Wenn man sich auf einen Apparat dieser Art auch nicht ganz verlassen kann, weil er
bei vollkommen ruhiger See unthaͤtig ist, so kann man denselben doch in sehr
vielen und bei weitem den meisten Gelegenheiten zur Ersparung von Brennmaterial
benuzen. Graf Dundonald ist vollkommen uͤberzeugt,
daß keine Kraft, welche in einem Boote durch Dampf erzeugt werden kann, eine eben so
rasche Durchkreuzung des Oceans hervorbringen koͤnne, als wie sie durch diese
Compression der atmosphaͤrischen Luft bewerkstelligt wird. Wenn das Fahrzeug
z.B. 1400 Tonnen Ladung hat, so wird das Gewicht des Rumpfes gewoͤhnlich eben
so hoch angeschlagen. 7 1/2 Tonnen Queksilber, die mit einer Geschwindigkeit von 220
Fuß in der Minute bewegt werden, kommen 100 Pferdekraͤften gleich; die
Pferdekraft einer Maschine wird auf 33,000 Pfd. angeschlagen, welche per Minute einen Fuß hoch gehoben werden; und die Kraft,
die zur Erzielung dieser oder irgend einer anderen Wirkung von gleichem Werthe
erforderlich ist, wird eine Pferdekraft genannt: so daß also 33,000 Pfd. getheilt
durch die Geschwindigkeit bei jeder Geschwindigkeit die vergleichsweise Kraft geben
werden. Graf Dundonald ist der Meinung, daß 150 Pfd.,
welche mit der Geschwindigkeit von 220 Fuß in der Minute bewegt werden, ein
Aequivalent der eben angegebenen, auf einen Fuß gehobenen Quantitaͤt sind. 7
1/2 Tonnen Queksilberdruk sind daher der effektiven Kraft einer Maschine von 100
Pferdekraͤften, welche 15,000 Pfd. Wasser auf die Hoͤhe von 220 Fuß
hebt, gleich, und mithin werden 15 Tonnen Queksilberdruk erforderlich seyn, um
dasselbe zu leisten, wie eine Maschine von 200 Pferdekraͤften. Dazu muß aber
noch jene Quantitaͤt Queksilber gerechnet werden, welche in den die beiden
Behaͤlter mit einander verbindenden Canaͤlen enthalten ist, so daß
also die ganze Quantitaͤt zu 20 Tonnen angeschlagen werden muß;
uͤbrigens wird vorgeschlagen, diese Quantitaͤt noch zu verdoppeln, um
selbst bei ruhigerer See noch eine gehoͤrige Compressivkraft zu erhalten.
Diese 40 Tonnen werden
auf die Bewegung eines Fahrzeuges, welches beilaͤufig 2800 Tonnen wiegt und
faßt, kaum eine merkliche Wirkung haben, und wer je gesehen hat, mit welcher
Leichtigkeit große Fahrzeuge ungeachtet ihrer außerordentlichen Schwere auf dem
Oceane wogen, wird wohl einsehen und wissen, wie selten die erforderliche
Quantitaͤt Queksilber von der einen Seite zur anderen bewegt werden wird,
wobei dasselbe so viel als in seiner Kraft ist, dazu beitragen wird, das um
angenehme und nachtheilige Schaukeln des Fahrzeuges zu maͤßigen.
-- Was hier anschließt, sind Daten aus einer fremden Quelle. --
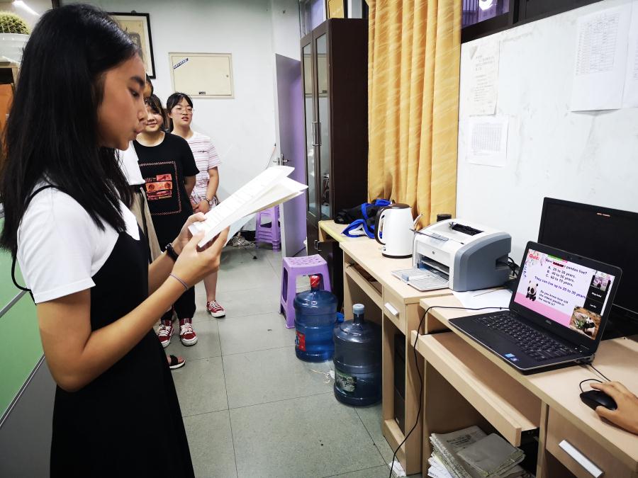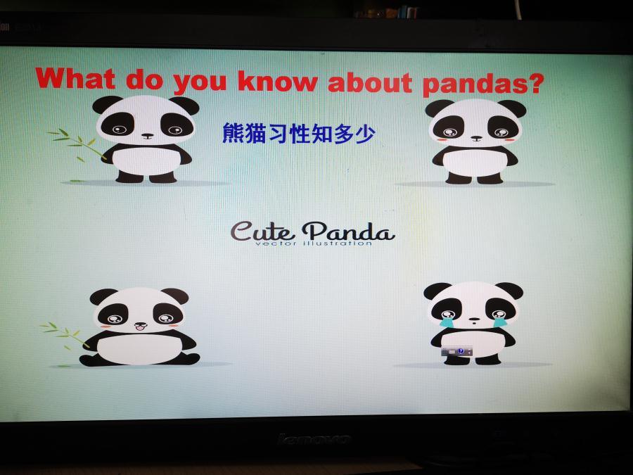 8月5日晚,我校八年级英语班的五位同学为满足美国学生的“熊猫情结”,精心设计了一堂“乘风破浪”画熊猫的文化体验课。同学们先通过一段熊在猫基地拍摄的视频,向美国学生介绍了熊猫的生活习性和特点,还根据视频内容,设计了几个互动的知识抢答来加深美国学生对熊猫的了解。然后同学们又通过电影《功夫熊猫》中的一些片段,向美国学生展现了熊猫在不同情境下的各种面貌,由此开启美国学生画熊猫之旅。

Ebendieselben Individuen werden ferner auch uͤberzeugt seyn, daß ein
Maͤngel von rollenden Wogen nicht oft einen Maͤngel an Triebkraft
erzeugen wird.
Die mit dem Queksilberapparate versehenen Fahrzeuge koͤnnen auf die
gewoͤhnliche Weise mit Segeln ausgestattet werden. Man hat hier weder mit
Rauch, noch mit Feuer zu thun, und uͤberhaupt wird man an diesen Fahrzeugen
von Außen nicht den geringsten Unterschied von den gewoͤhnlichen bemerken.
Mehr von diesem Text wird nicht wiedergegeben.